Keeping track of your all your books, digitally

Library ScreenshotMy brother put up this post the other day after I was showing him the power of Delicious Library. This is a fantastic app where you simply put your ISBN bar code of a book in front of your Mac’s camera and it reads it, searches Amazon, and reads out to you the title of the book (or game or video, you can even add “tools,” “clothes,” etc.) and adds it to your library shelf. You can imagine how useful this would be. You can create notes and different “shelves” so that you can have one for office and one for home. “Where did I leave that copy of Strack’s Introduction to Talmud and Midrash? Oh, it is at home!” You get the idea.

Well, it is Mac only, hence my brohter’s near miss at Macenvy. He found a free online version called Gurulib (which is currently offline, making the “free” less than useful). I was having a few issues with DL but the update tonight fixed them. Since the online version is free I may well move that direction, assuming that it comes back online and remains free. But I know there are a fair number of unwashed using Windows and therefore do not have the choice of DL so in the spirit of philadelphos I offer this information.

Build your digital Bookshelves at!

June 23rd, 2008
by Steve Brady

Okay, I admit it.  I was briefly tempted to get a Mac.  The Mac has this really cool software, called “Delicious Library” that takes advantage of the webcam in the computer to read ISBN codes, and build a database of your personal library.  Thankfully, that temptation is gone.

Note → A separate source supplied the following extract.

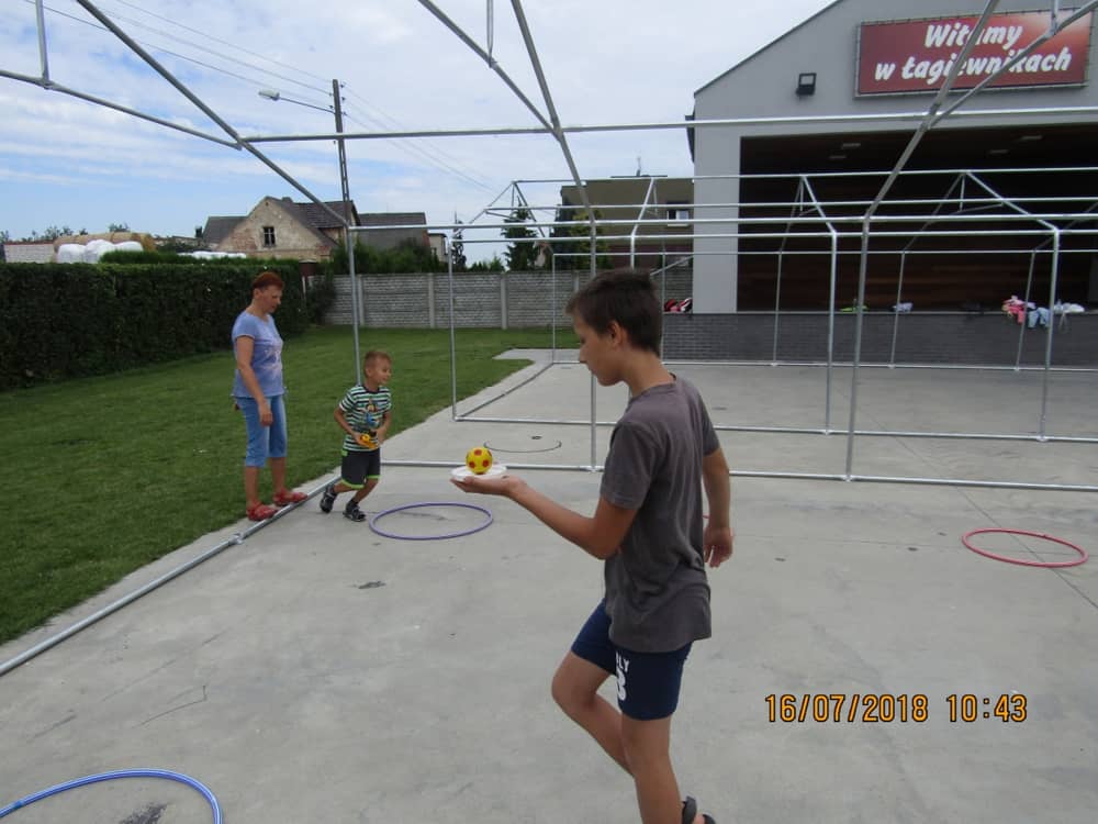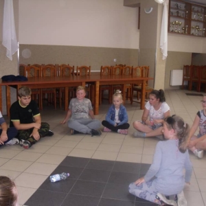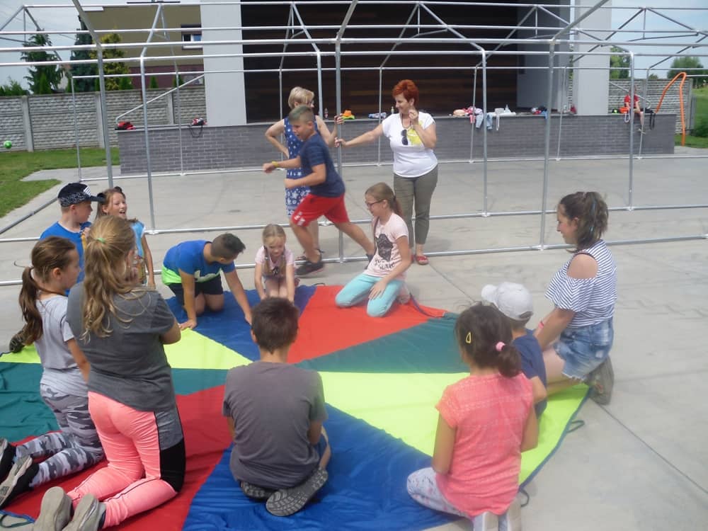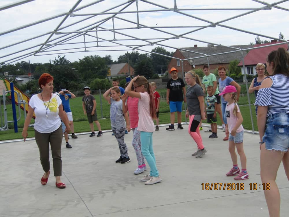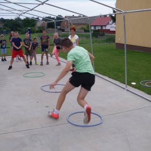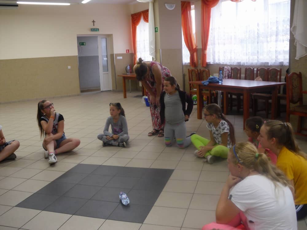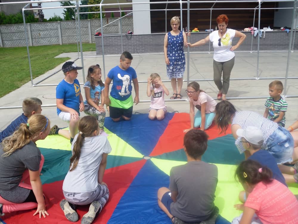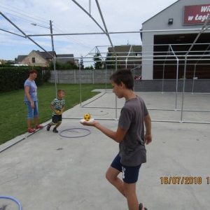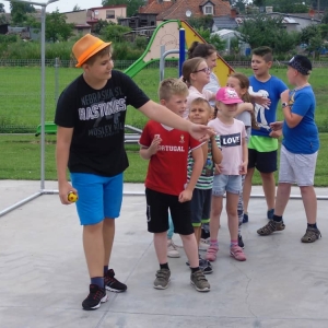 W pierwszym dniu zajęć gościem i jednocześnie prowadzącą była Pani Arleta Barteczka. Pomagała mama Jasia – uczestnika wakacji, Pani Katarzyna Chlebowska. Dzieci próbowały swoich sił m. in. : w zabawie bieg po buty. Kolejną zabawą była gra w kolanko. Dużym zainteresowaniem cieszyła się gra w dwa ognie, jak również zabawy w których należało rywalizować z drużyną przeciwną.

At Gurulib you can enter books from a web interface, which moves you away from a specific OS, and allows for that whole “open community sharing” idea.  This free site not only lets you enter books into the online database by scanning the ISBN (or entering by hand, or searching on the title, or… you get the hint.)  It also allows you to share, if you wish, your library with others.  Both virtually (a “hey, check out what I like to read” sort of sharing) or literally, by allowing others to request to borrow a book, and allowing for a real exchange.  This is another great way to have some “social networks” that connects people with like interests, and enables you to share those interests.